Anarchism and Council Communism on the Russian Revolution

By Memos, Christos | Anarchist Studies, July 1, 2012 | Go to article overview

Anarchism and Council Communism on the Russian Revolution


Memos, Christos, Anarchist Studies


ABSTRACT

The Russian Revolution, being part of the revolutionary tradition of the exploited and oppressed, encompasses sufferings, horrors and tragedies, but also unfulfilled promises, hopes and revolutionary inspirations. The subversive heritage includes, among others, the largely neglected radical critiques of the Russian Revolution that preceded analogous Trotskyist endeavours. All these forgotten critiques, unrealised potentials and past struggles could act as a constandy renewed point of departure in the fight for human emancipation. This essay examines the two radical currents of anarchism and Council Communism and their critical confrontation with the Russian Revolution and the class character of the Soviet regime. First, it oudines the major anarchist critiques and analyses of the revolution (Kropotkin, Malatesta, Rocker, Goldman, Berkman and Voline). Following this, it explores the critique provided by the Council Communist tradition (Pannekoek, Gorter and Rühle). The essay moves on to provide a critical re-evaluation of both anarchist and councilist appraisals of the Russian Revolution in order to disclose liberating intentions and tendencies that are living possibilities for contemporary radical anti-capitalist struggles all over the world. It also attempts to shed light on the limits, inadequacies and confusions of their approaches, derive lessons for the present social struggles and make explicit the political and theoretical implications of this anti-critique.

Keywords: Anarchism, Council Communism, Russian Revolution

'Russia must return to the creative genius of local forces which, as I see it, can be a factor in the creation of a new life ... If the present situation continues, the very word 'socialism' will turn into a curse. This is what happened to the conception of 'equality' in France for forty years after the rule of the Jacobins.'

Kropotkin to Lenin, Dmitrov, 4 March 1920.

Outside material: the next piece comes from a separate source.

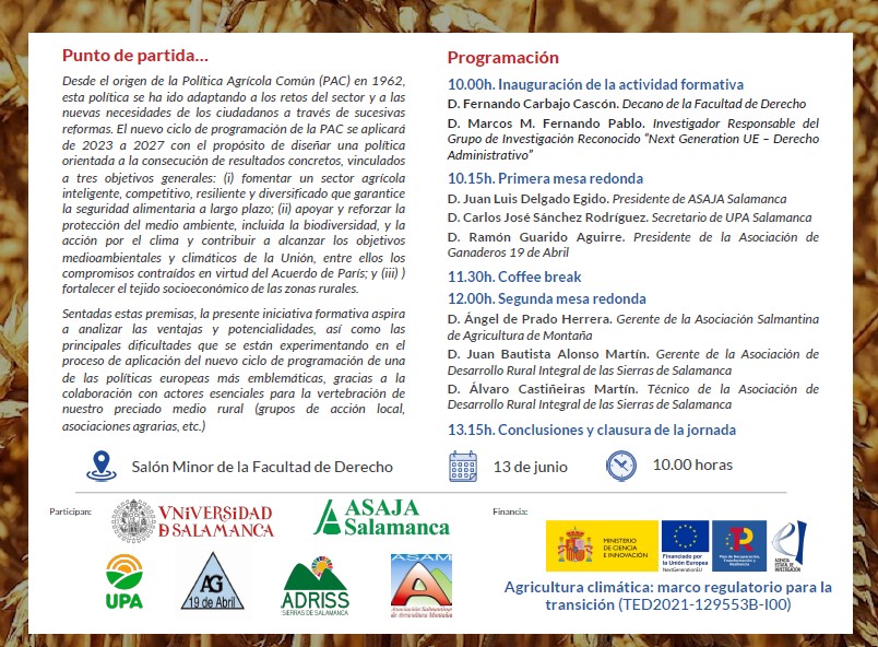 Hoy, hemos participado en la Jornada de debate de la nueva Política Agrícola Común con actores del territorio organizada por la Universidad de Salamanca.

Prevailing ideas and analyses diat deal with the historical and political significance of the Russian Revolution tend to reconstruct its history as past history, which is indifferent to current social and political conditions. There is an attempt for an image of a frozen past to be constructed that is separated from the present. The past is recognised only as past. The Russian Revolution is perceived as dead, past time that generated a monstrous totalitarian regime. According to this logic, it can only serve as an example to avoid. Having been disassociated from the present, then, the memory of the past struggles is expropriated by the status quo, the victors of history and it is utilised to legitimise the exploitation and domination of the ruling class. The demise of the Soviet regime is seen as being the tragic consequence of a pre-determined historical course that substantiates the triumph of western type liberal democracies. It also justifies neo-liberal policies even when neo-liberalism is going through a tremendous crisis: there is no alternative. Nothing important has survived from the Russian Revolution except the suffering and pain caused by the 'red terror'. In contradistinction to this approach, which reflects the idea of history as the history of the rulers and dominant, the history of the exploited and oppressed indicates that 'nothing that has ever happened should be regarded as lost to history'.1

For this concept of history, there is a continuity of the revolutionary struggles that breaks the homogeneous time of official history and unifies the militant legacy, arguing that 'most of the past is interrupted future, future in the past'.2 Searching in the past for radical elements which are of vital importance for present and future anti-capitalist struggles, this paper presents and discusses the critique of the Russian Revolution and the Soviet Union developed by the two largely neglected political and theoretical traditions of anarchism and Council Communism. It argues that despite their theoretical and political inconsistencies, ambiguities and mistakes, both trends have provided valuable insights that could contribute to our better understanding of the Russian Revolution and the formation of the Soviet Union. …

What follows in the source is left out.